The cost of a guaranteed retirement income for life for a 55-year-old today is almost 40 per cent more than it was a year ago, according to BlackRock’s CoRI index.

The CoRI index takes the principles used to calculate liabilities of defined benefit schemes, such as average life expectancy, interest rates and inflation - and applies them to individuals with defined contribution savings.

The results showed that, as with DB schemes, plummeting gilt yields - which are used to price annuity income rates - had made the cost of guaranteeing a retirement income dramatically more expensive.
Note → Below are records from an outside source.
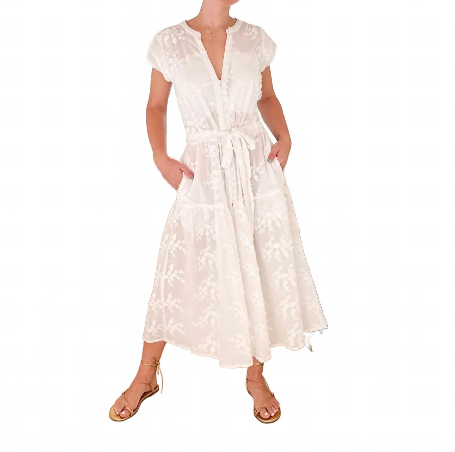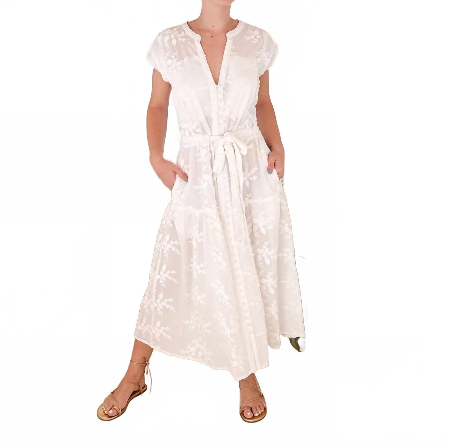Платье миди настолько универсально, что ваши варианты его ношения безграничны. Проникнитесь духом женственности в платье миди Daisy Boo от LOLA AUSTRALIA, изысканном образце в восточно-белом цвете. Это платье с короткими рукавами, тщательно сшитое из 100% хлопка, украшено фактурным узором, который подчеркивает его очарование в стиле бохо-шик. А-силуэт с изящной застежкой на пуговицы выгодно подчеркивает любую фигуру, делая его идеальным выбором как для летнего отдыха, так и для вечеринок в саду. Это платье с удобными карманами и романтичным V-образным вырезом обещает элегантность и комфорт, неподвластные времени.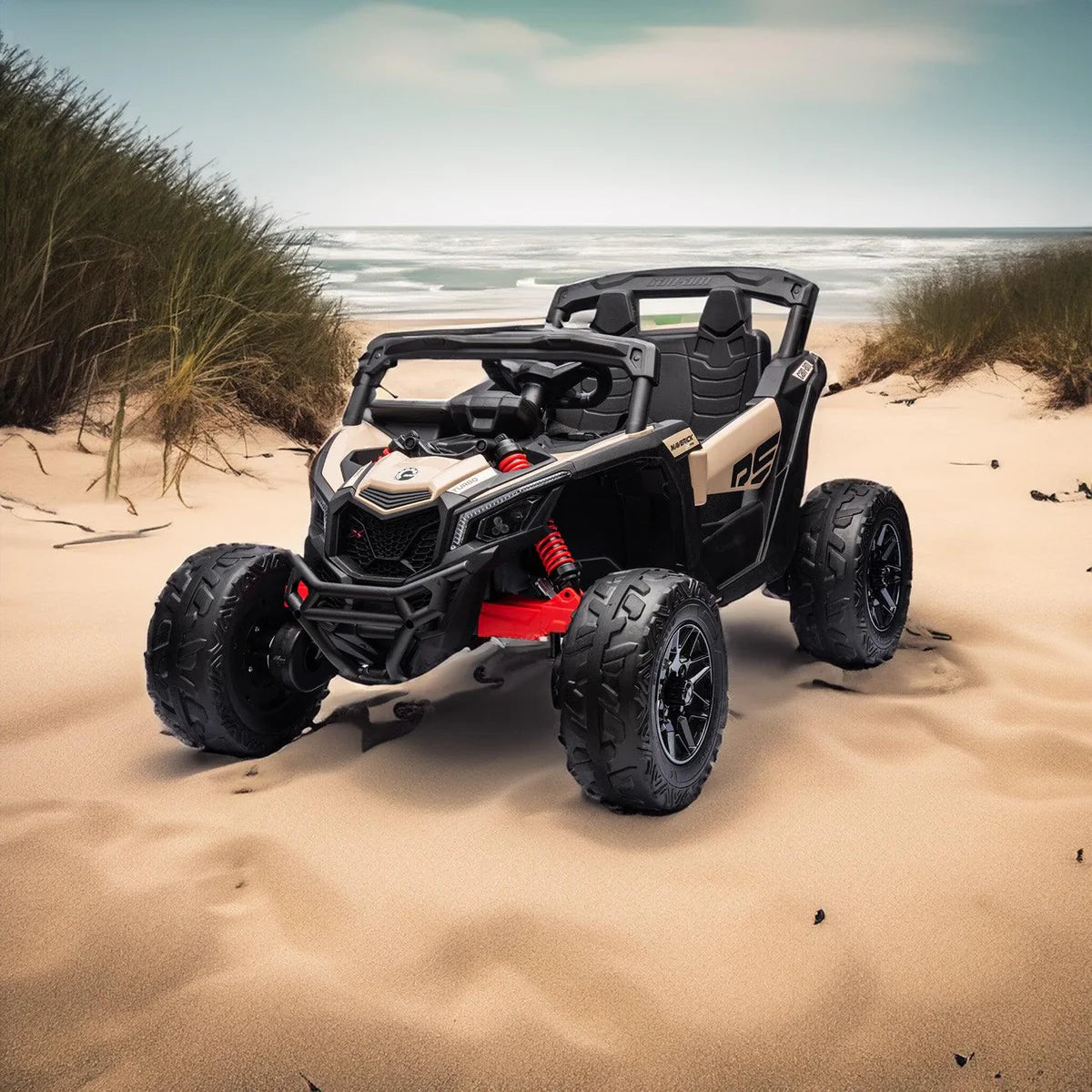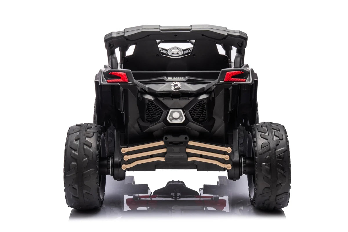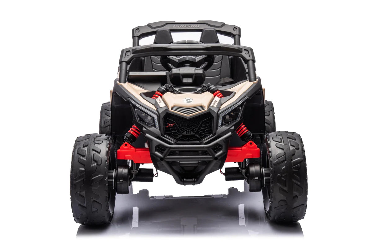 Né avec le cœur et l’esprit d’un animal. Le volume et l’accélération de cette version (24 Volts) Solo du Can-Am Maverick sont tous deux montés au maximum. La musique peut être lue via le système audio de la voiture, ou via une Clé USB, une Carte SD ou un Lecteur MP3, Bluetooth.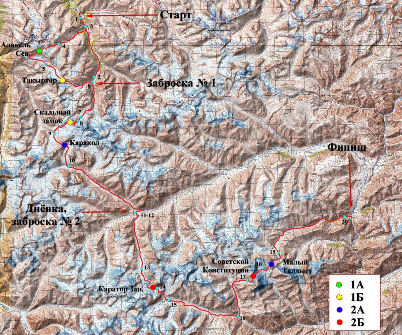 Подробная нитка маршрута Заявленная д.р. Алтын-Арашан – д.р. Кельдыке–пер. Алакёль Северный, 3884 м, 1А – оз. Алакёль – пер. Такыртор, 4024 м, 1Б – д.р. Такыртор – д.р. Чон-Узень – [пер. Туристов Татарии, 4300 м – пер. Каракольский Вост., 4300 м] (св., 2А) –лед. Караколтор Вост. (№ 65) – в. Аксу, 4711 м, 1Б, рад. – пер. Караколтор Юж., 4460 м, 2Б – лед. № 61 – д.р. Караколтор – д.р. Куйлю Вост. – д.р. Каратор – лед. Каратор – пер. Валерия Грушина, 4906 м, 2Б – лед. Куйлю Южн. – пер. Целинный, 5027 м, 2Б – лед. Айлампа – д.р. Теректы - д.р. Эки-Чат – пер. Советской Конституции, 4712 м, 2Б – лед. Аютор – пер. Талдысу Зап., 4506 м, 2Б – лед. Талдысу Мал. – д.р. Мал. Талдысу – д.р. Сары-Джаз. Выполненная д.р. Алтын-Арашан – д.р. Кельдыке – пер. Алакёль Северный, 3845 м,1А – оз. Алакёль – пер. Такыртор, 4036 м, 1Б – д.р. Такыртор – д.р. Чон-Узень – пер. Скальный замок, 4231 м, 1Б – лед. Кёльтор Вост. – пер. Каракол, 4240 м, 2А - лед. Караколтор Вост. - д.р. Караколтор – д.р. Куйлю Вост. – д.р. Каратор – лед. Каратор – пер. Каратор Зап., 4623 м, 2Б – лед. Каратор Вост. – д.р. Теректы – д.р. Эки-Чат – пер. Советской Конститу- ции, 4711 м, 2Б – лед. Аютор – пер. Талдысу Мал., 4497 м, 2А – д.р. Мал. Талдысу – д.р. Сары-Джаз. Определяющие препятствия маршрута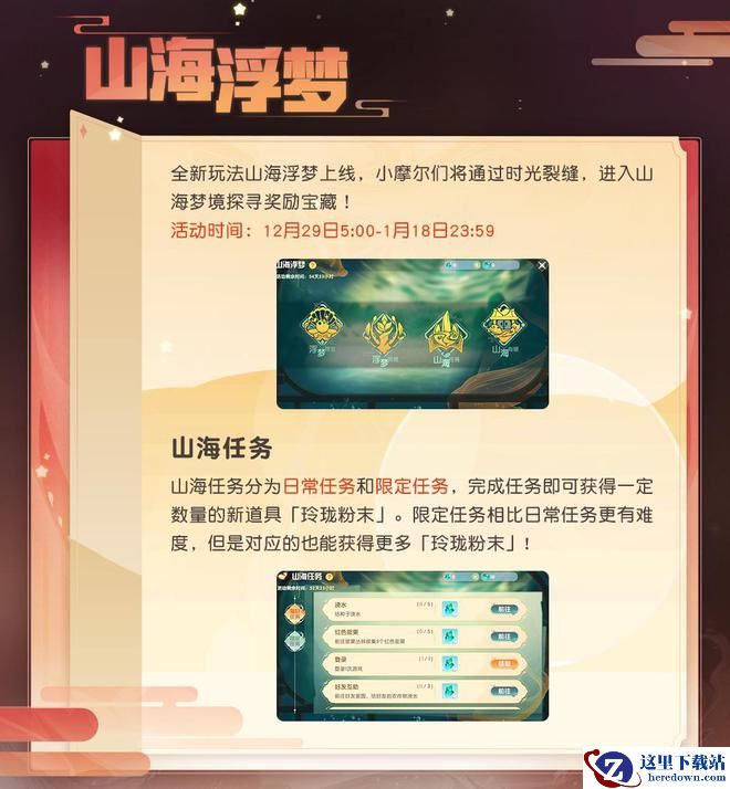 1、摩尔庄园山海浮梦完成山海任务可以获取玲珑粉末,每日任务5:00刷新,完成任务后记得领取奖励,未领取的每日任务奖励不会保留至第二天。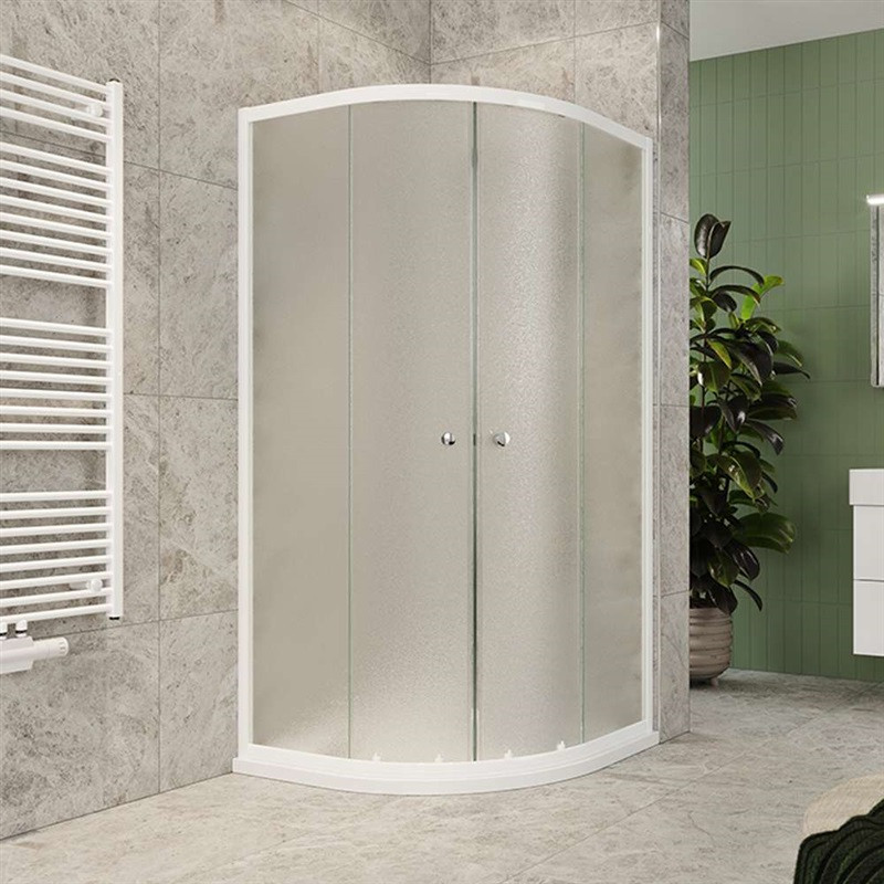 - Sprchový set z Kory Lite, štvrťkruh, 90 cm, biely ALU, sklo Grape a vysoké SMC vaničky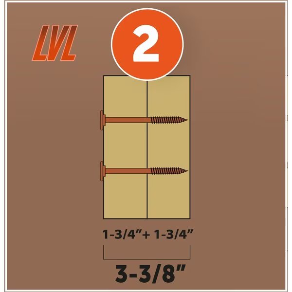 PWR DRIVE LVL is designed specifically for LVL beams, commonly used in new building structures, and will yield maximum assembly strength with this material. LVL beams have a different thickness than regular dimensional lumber: 1-3/4 in thickness instead of the usual 1-1/2 in. You can cover all possible assembly combinations in a structure with only four different lengths of the PWR DRIVE LVL: 2, 3, or even 4 member assemblies. That means fewer screws are necessary to assemble anything you may encounter on the jobsite. Each PWR DRIVE LVL pack has a handy reference guide for proper LVL screw selection according to the assembly combination in question.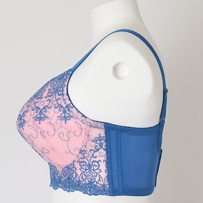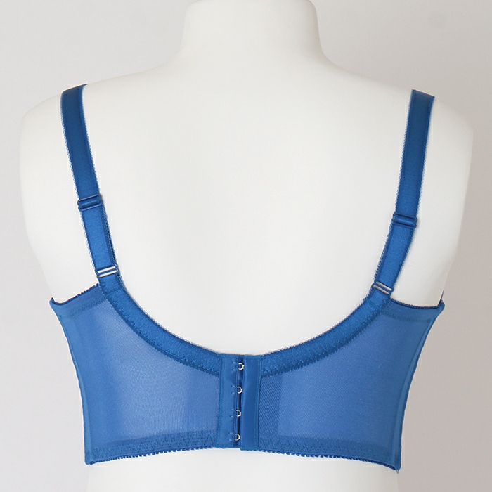 バストの重みをしっかり支え、脇肉もスッキリさせるセミロング丈&脇高タイプ。 バックスタイルはU字型で背中の食い込みを軽減し、3列4段ホックで安定感抜群です。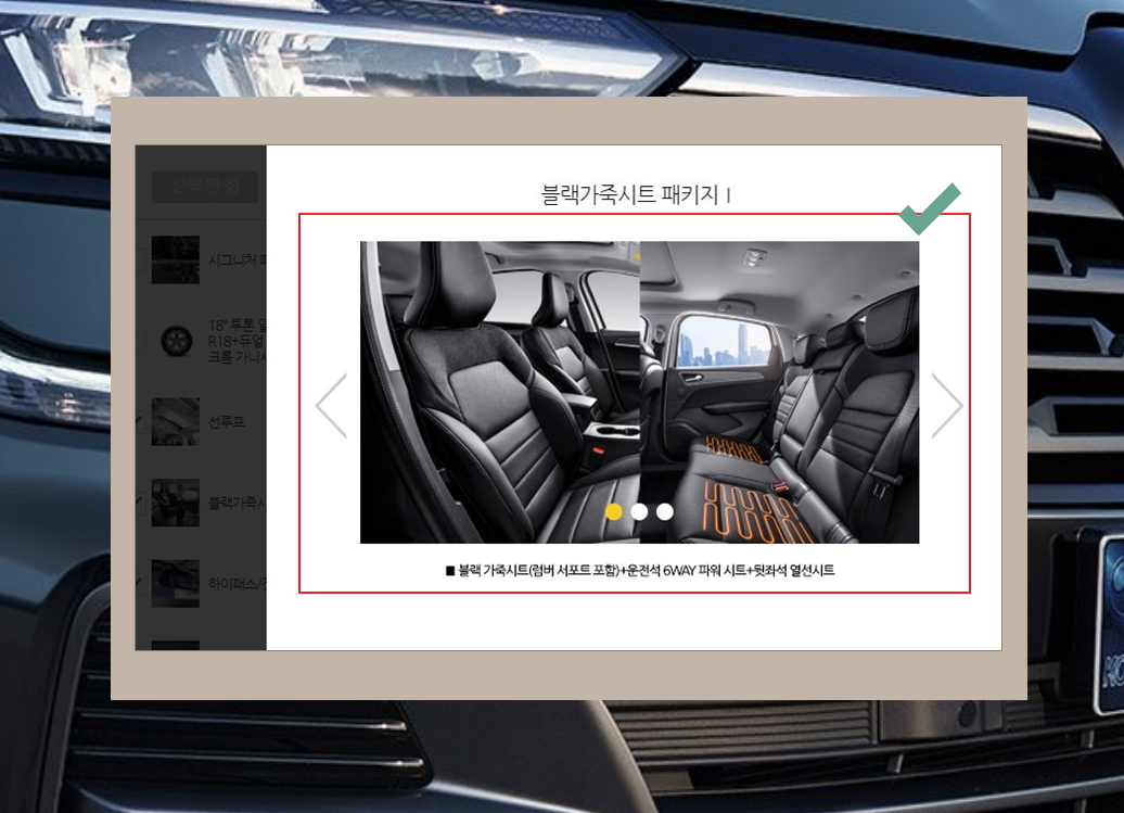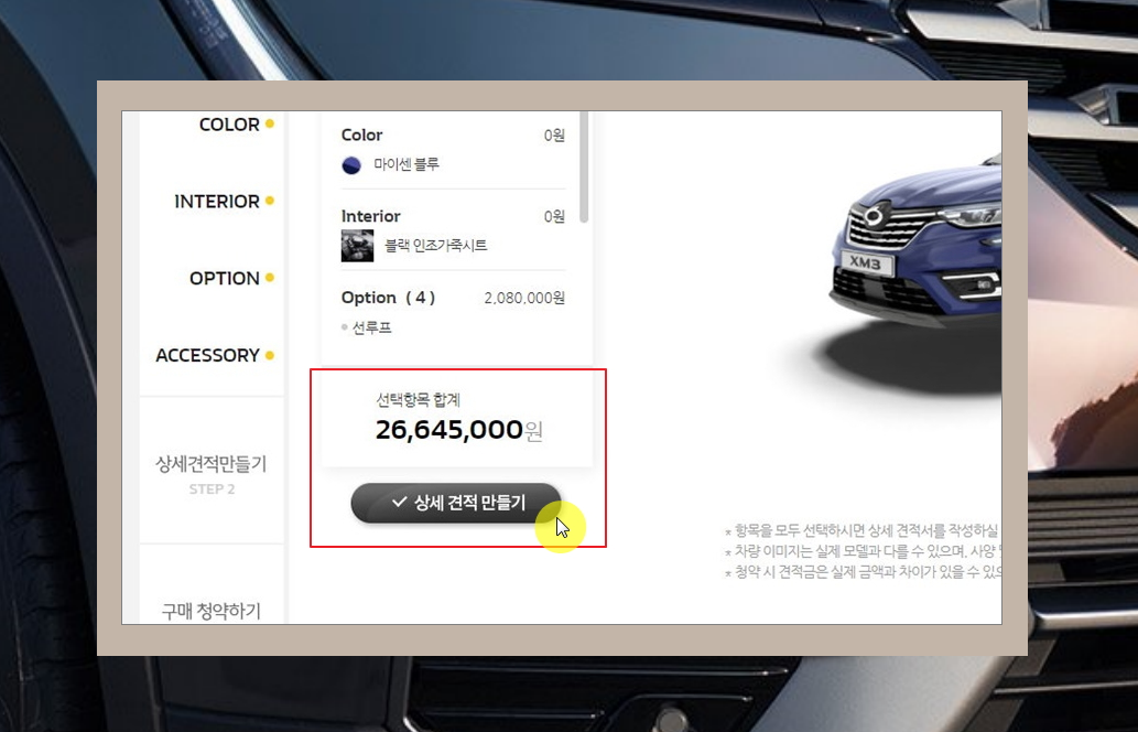 7. 이번에는 자동차에 들어가는 옵셥을 선택할 차례인데요. 르노삼성 자동차에 들어가는 옵션과 해당 옵션에 대한 가격표가 보이네요. 자신에게 필요하다고 생각하는 것을 선택하면 돼요.

As of 12 September, a 55-year-old would now need to have saved £27.75 for every pound of guaranteed retirement income, taking inflation into account.

In June 2015, the figure was just £19.46, meaning it now costs 38.7 per cent more to buy a guaranteed income for life.

Tony Stenning, EMEA head of retirement at BlackRock, said applying the DB liablility principles to individuals dramatically changed the outlook compared to if they were just looking at assets.

But he said taking this approach was important, because in a DC environment individuals were essentially being asked to be their own DB schemes.

“If you were just thinking about the market and the broader economic environment – interest rates have gone down a bit, inflation is non-existent, the market has gone up a bit – you’re probably feeling okay ... if you just looked at your asset size,” he said.

But he said ignoring the chances of running out of money was something you “don’t want to do in an environment where more and more it is coming down to the individual.”

BlackRock research also found that, on average, people expected an annual income of £23,000, and believe they can buy this for £196,000. But the actual cost, according to BlackRock, was £712,550.

However, the situation has improved somewhat since the depth of the post-Brexit slump, which saw the cost of a guaranteed retirement income skyrocket to almost 50 per cent more than it was at the same time last year.

Mr Stenning said the slight improvement was down to a small uptick in gilt yields, and the fact that annuity-providers had priced in a bigger interest rate cut than actually came about.

On 13 September 10-year gilt yields were standing at 0.82 per cent, a 31 basis point month-on-month increase, but still 100 basis points down year on year.